Your objective: An exact copy of the lines of the listing below between the "Lying ominously on" line and the "Comparative studies of" line, both included, is the whole answer; please omit the pictures.

Data for this exercise:
******

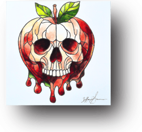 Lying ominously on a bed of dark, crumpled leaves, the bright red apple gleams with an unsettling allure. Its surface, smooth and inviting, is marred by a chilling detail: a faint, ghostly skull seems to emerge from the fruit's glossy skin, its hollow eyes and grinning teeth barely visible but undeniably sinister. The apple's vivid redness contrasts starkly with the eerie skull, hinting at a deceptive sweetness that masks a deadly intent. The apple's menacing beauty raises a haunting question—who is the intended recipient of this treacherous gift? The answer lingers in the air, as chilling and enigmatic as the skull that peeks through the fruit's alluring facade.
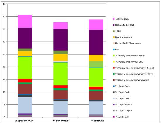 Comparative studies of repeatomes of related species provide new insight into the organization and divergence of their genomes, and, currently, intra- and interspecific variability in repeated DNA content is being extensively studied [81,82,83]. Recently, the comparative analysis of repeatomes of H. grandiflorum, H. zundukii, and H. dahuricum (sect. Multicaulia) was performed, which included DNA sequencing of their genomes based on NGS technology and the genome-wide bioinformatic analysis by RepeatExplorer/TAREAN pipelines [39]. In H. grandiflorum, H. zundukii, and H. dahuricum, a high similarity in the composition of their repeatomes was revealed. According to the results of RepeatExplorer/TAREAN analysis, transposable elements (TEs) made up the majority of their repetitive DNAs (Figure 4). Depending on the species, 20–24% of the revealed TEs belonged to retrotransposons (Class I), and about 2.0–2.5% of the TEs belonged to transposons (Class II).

******

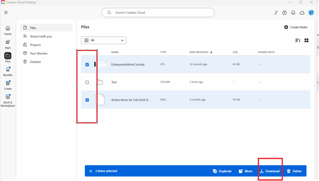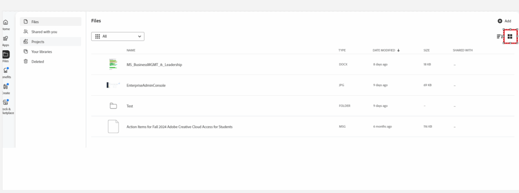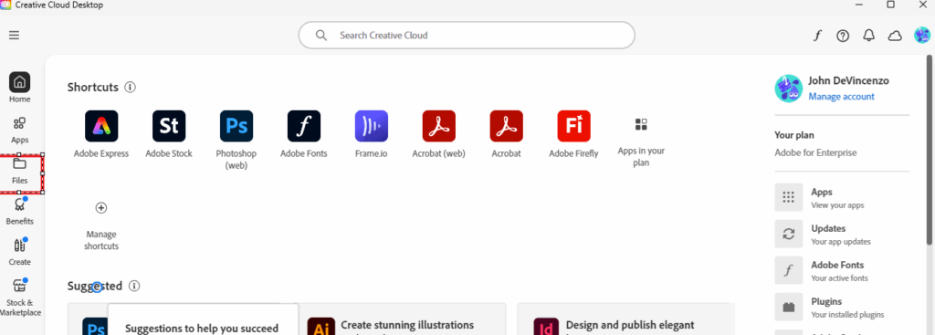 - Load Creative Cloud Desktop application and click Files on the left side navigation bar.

******

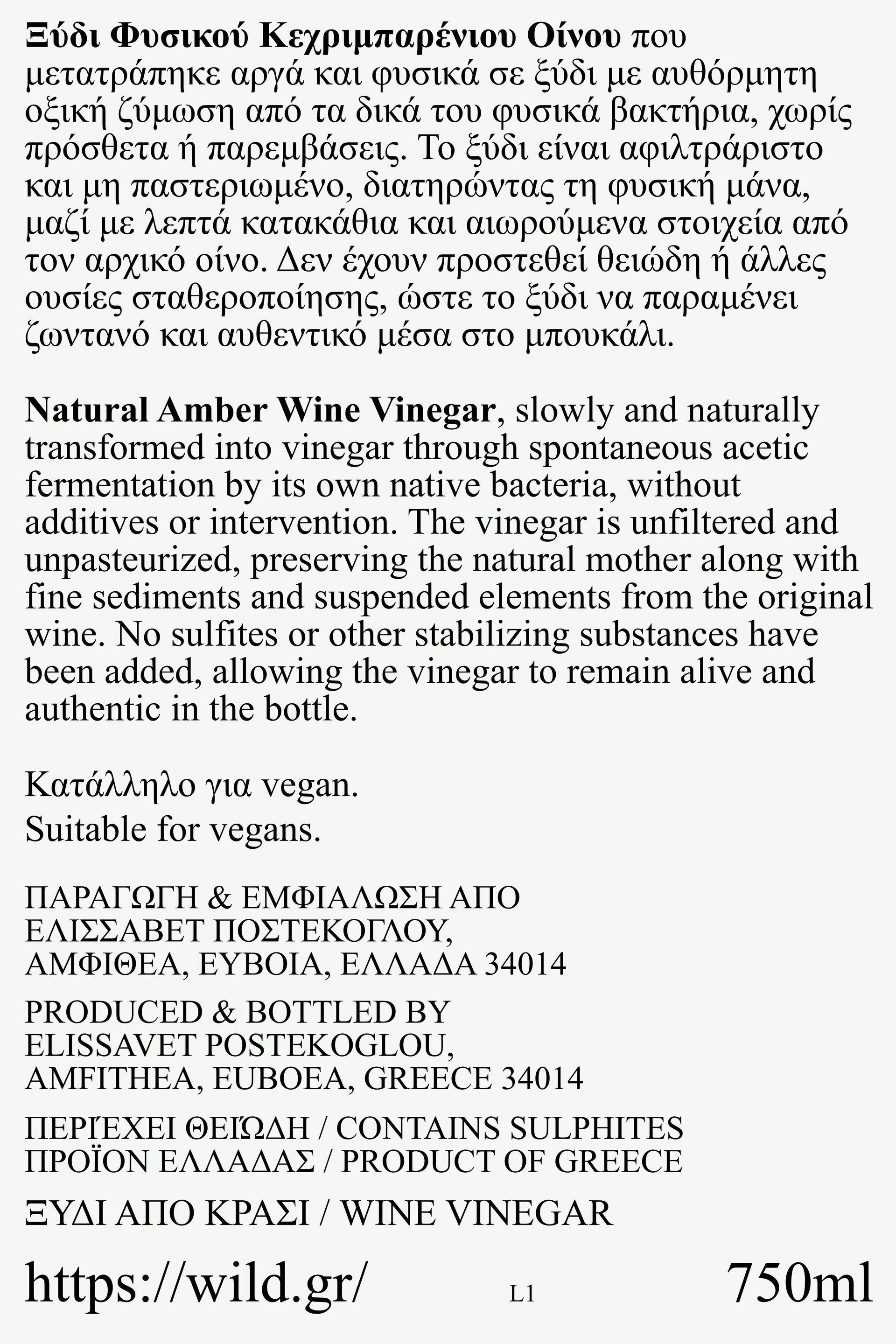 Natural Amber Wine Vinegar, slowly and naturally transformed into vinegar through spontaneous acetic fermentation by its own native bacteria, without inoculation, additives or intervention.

******

Answer box:
 Lying ominously on a bed of dark, crumpled leaves, the bright red apple gleams with an unsettling allure. Its surface, smooth and inviting, is marred by a chilling detail: a faint, ghostly skull seems to emerge from the fruit's glossy skin, its hollow eyes and grinning teeth barely visible but undeniably sinister. The apple's vivid redness contrasts starkly with the eerie skull, hinting at a deceptive sweetness that masks a deadly intent. The apple's menacing beauty raises a haunting question—who is the intended recipient of this treacherous gift? The answer lingers in the air, as chilling and enigmatic as the skull that peeks through the fruit's alluring facade.
 Comparative studies of repeatomes of related species provide new insight into the organization and divergence of their genomes, and, currently, intra- and interspecific variability in repeated DNA content is being extensively studied [81,82,83]. Recently, the comparative analysis of repeatomes of H. grandiflorum, H. zundukii, and H. dahuricum (sect. Multicaulia) was performed, which included DNA sequencing of their genomes based on NGS technology and the genome-wide bioinformatic analysis by RepeatExplorer/TAREAN pipelines [39]. In H. grandiflorum, H. zundukii, and H. dahuricum, a high similarity in the composition of their repeatomes was revealed. According to the results of RepeatExplorer/TAREAN analysis, transposable elements (TEs) made up the majority of their repetitive DNAs (Figure 4). Depending on the species, 20–24% of the revealed TEs belonged to retrotransposons (Class I), and about 2.0–2.5% of the TEs belonged to transposons (Class II).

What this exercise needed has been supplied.